_Source records_
**********
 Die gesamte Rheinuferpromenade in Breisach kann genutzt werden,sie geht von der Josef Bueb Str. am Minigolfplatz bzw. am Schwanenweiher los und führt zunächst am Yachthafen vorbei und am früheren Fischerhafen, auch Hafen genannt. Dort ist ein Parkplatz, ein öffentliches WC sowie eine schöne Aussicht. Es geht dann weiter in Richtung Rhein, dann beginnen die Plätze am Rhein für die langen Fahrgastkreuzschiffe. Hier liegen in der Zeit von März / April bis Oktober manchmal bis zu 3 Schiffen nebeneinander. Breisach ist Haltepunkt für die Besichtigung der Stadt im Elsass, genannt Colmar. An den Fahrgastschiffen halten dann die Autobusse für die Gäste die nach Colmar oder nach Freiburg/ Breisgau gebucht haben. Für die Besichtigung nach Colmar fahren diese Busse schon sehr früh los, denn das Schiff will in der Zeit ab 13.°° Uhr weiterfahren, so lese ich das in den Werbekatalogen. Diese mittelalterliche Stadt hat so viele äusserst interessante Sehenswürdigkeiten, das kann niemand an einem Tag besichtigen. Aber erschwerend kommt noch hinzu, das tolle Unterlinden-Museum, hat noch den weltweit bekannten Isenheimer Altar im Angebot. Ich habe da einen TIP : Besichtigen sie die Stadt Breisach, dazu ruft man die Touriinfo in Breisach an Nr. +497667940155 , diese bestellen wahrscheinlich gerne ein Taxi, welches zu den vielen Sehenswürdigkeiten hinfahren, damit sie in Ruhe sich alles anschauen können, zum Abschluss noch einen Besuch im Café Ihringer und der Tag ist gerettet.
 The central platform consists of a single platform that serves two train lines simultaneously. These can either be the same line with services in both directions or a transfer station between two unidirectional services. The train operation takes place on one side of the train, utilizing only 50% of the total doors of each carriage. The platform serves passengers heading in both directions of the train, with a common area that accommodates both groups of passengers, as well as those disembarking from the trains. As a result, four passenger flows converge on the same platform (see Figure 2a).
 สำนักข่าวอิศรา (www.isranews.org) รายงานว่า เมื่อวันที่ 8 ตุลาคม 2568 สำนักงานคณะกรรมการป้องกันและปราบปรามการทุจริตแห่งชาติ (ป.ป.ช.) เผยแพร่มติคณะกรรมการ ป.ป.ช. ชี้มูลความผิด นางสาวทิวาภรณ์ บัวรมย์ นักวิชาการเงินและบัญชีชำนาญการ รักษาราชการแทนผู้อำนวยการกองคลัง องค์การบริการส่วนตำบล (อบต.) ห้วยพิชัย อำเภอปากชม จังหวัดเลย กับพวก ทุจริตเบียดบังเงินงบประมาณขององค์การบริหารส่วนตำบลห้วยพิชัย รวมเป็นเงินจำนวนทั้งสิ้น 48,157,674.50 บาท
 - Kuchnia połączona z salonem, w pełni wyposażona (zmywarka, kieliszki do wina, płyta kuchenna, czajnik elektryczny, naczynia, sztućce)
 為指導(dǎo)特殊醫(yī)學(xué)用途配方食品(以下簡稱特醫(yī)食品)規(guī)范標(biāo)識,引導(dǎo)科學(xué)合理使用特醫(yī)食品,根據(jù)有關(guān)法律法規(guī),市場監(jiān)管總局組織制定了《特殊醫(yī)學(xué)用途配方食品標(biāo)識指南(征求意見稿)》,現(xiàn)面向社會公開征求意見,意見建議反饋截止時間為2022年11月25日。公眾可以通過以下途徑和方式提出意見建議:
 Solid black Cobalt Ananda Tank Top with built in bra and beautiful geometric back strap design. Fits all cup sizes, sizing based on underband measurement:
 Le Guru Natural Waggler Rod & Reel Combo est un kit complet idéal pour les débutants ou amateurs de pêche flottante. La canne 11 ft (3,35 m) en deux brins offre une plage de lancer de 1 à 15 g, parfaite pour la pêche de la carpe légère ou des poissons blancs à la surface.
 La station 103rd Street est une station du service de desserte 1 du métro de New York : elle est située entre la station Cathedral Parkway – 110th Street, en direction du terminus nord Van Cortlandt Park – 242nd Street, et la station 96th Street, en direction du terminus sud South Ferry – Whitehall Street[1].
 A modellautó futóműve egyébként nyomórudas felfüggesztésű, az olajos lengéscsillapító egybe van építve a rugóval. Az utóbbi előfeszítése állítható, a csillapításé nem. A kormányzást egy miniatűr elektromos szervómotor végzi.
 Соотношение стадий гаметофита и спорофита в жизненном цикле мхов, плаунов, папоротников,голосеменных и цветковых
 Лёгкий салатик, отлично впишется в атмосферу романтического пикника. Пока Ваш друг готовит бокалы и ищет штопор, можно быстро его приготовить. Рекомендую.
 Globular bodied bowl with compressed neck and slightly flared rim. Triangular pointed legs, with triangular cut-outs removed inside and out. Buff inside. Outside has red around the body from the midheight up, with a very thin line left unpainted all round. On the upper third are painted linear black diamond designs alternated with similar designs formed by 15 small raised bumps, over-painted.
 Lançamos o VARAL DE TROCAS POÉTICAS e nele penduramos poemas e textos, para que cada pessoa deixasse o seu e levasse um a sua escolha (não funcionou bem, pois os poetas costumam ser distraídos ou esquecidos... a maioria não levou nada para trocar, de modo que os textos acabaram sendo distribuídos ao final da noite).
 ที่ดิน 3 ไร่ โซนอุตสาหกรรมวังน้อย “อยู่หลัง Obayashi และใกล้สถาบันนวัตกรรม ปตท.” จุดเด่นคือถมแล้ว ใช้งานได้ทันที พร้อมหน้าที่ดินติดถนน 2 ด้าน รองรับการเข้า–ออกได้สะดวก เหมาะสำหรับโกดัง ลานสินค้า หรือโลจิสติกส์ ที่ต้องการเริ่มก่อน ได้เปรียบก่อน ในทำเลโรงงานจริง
**********
Return the lines above, starting at the one that contains "Lançamos o VARAL" and running through the last, exactly as they appear, with no extra lines.

 Lançamos o VARAL DE TROCAS POÉTICAS e nele penduramos poemas e textos, para que cada pessoa deixasse o seu e levasse um a sua escolha (não funcionou bem, pois os poetas costumam ser distraídos ou esquecidos... a maioria não levou nada para trocar, de modo que os textos acabaram sendo distribuídos ao final da noite).
 ที่ดิน 3 ไร่ โซนอุตสาหกรรมวังน้อย “อยู่หลัง Obayashi และใกล้สถาบันนวัตกรรม ปตท.” จุดเด่นคือถมแล้ว ใช้งานได้ทันที พร้อมหน้าที่ดินติดถนน 2 ด้าน รองรับการเข้า–ออกได้สะดวก เหมาะสำหรับโกดัง ลานสินค้า หรือโลจิสติกส์ ที่ต้องการเริ่มก่อน ได้เปรียบก่อน ในทำเลโรงงานจริง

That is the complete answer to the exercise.